== What is being asked ==
In this exercise, the entries below include pictures. Repeat exactly the lines from the line with "Quick Regeneration: After" to the line with "Make a pattern.", including both, but without the pictures.

== Input data ==
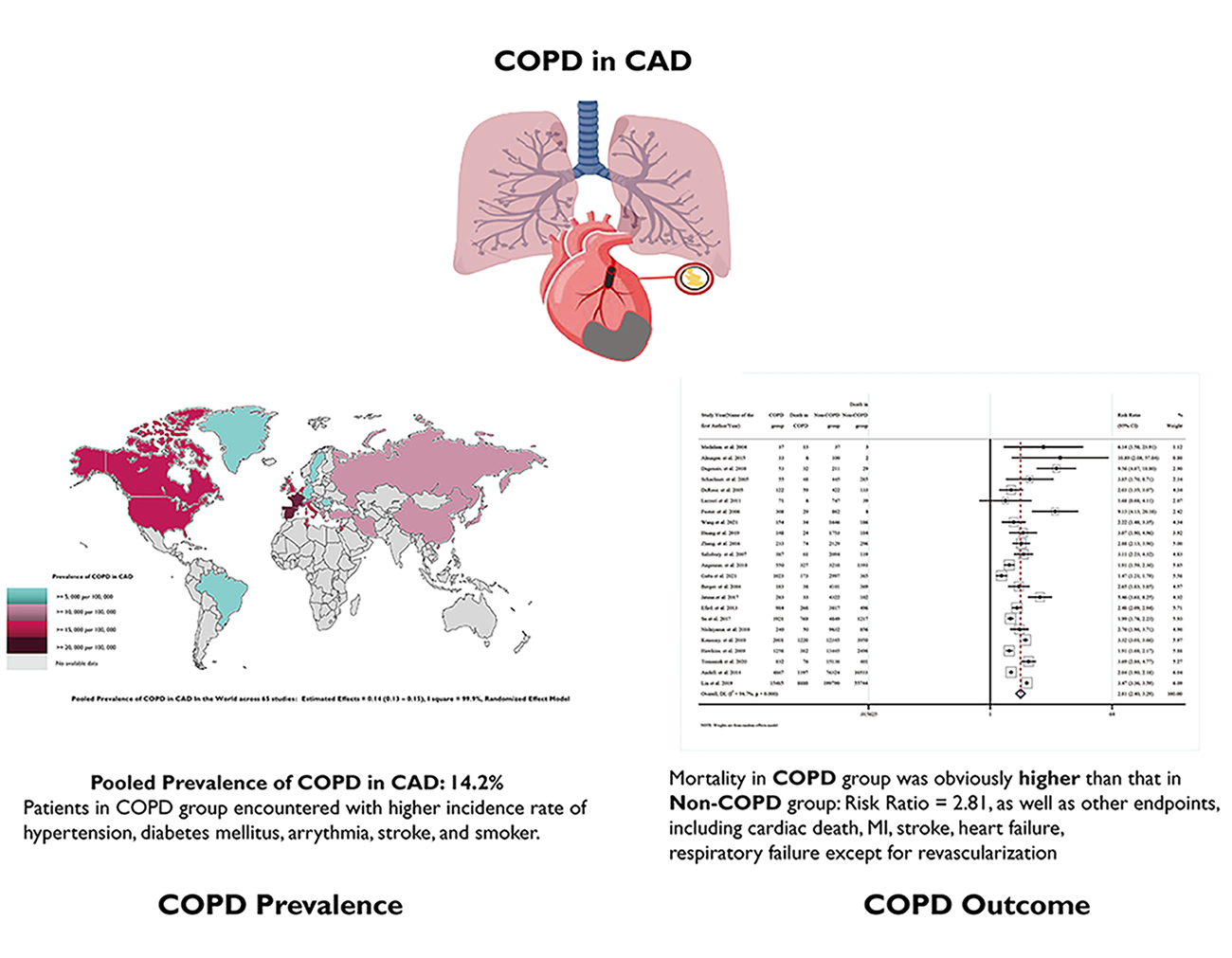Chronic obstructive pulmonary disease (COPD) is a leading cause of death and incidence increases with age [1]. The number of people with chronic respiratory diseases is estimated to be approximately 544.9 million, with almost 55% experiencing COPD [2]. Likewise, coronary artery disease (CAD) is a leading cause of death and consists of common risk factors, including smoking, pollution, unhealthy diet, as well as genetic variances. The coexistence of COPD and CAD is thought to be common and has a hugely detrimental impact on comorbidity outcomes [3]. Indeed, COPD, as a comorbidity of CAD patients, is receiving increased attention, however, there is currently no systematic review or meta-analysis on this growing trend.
==
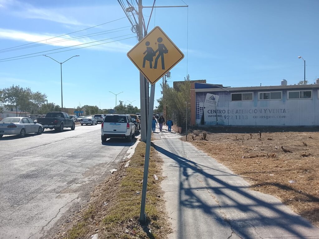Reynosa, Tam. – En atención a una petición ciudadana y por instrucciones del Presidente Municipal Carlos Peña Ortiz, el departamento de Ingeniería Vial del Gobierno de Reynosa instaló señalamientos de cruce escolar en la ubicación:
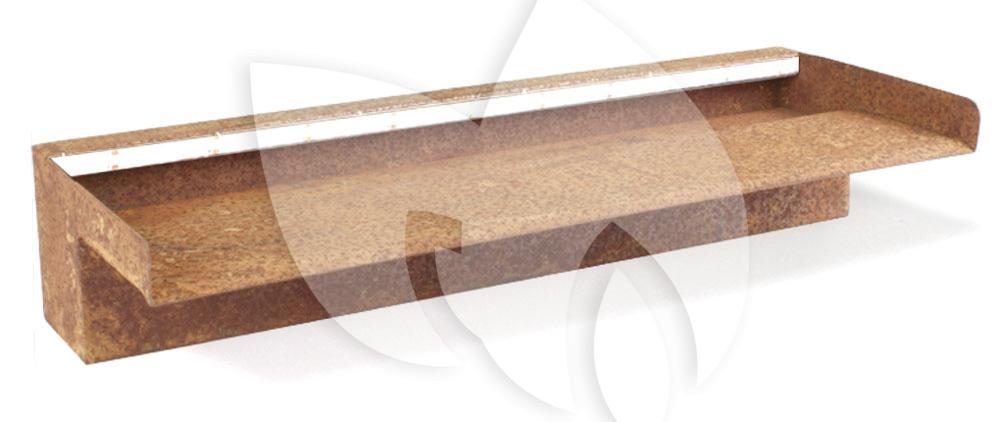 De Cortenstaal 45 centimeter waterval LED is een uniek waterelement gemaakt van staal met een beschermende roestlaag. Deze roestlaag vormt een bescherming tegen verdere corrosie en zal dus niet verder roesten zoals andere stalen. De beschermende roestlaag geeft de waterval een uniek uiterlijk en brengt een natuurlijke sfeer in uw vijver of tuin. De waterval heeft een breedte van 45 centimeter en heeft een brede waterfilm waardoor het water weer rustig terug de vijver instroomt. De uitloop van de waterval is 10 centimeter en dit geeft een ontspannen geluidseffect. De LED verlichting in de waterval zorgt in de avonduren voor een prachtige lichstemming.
* * *
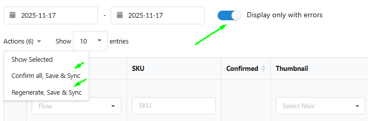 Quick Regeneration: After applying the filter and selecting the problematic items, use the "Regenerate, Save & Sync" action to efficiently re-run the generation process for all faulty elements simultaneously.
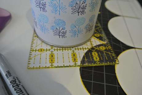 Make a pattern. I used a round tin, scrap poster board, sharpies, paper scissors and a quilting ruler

== Solution for this problem ==
 Quick Regeneration: After applying the filter and selecting the problematic items, use the "Regenerate, Save & Sync" action to efficiently re-run the generation process for all faulty elements simultaneously.
 Make a pattern. I used a round tin, scrap poster board, sharpies, paper scissors and a quilting ruler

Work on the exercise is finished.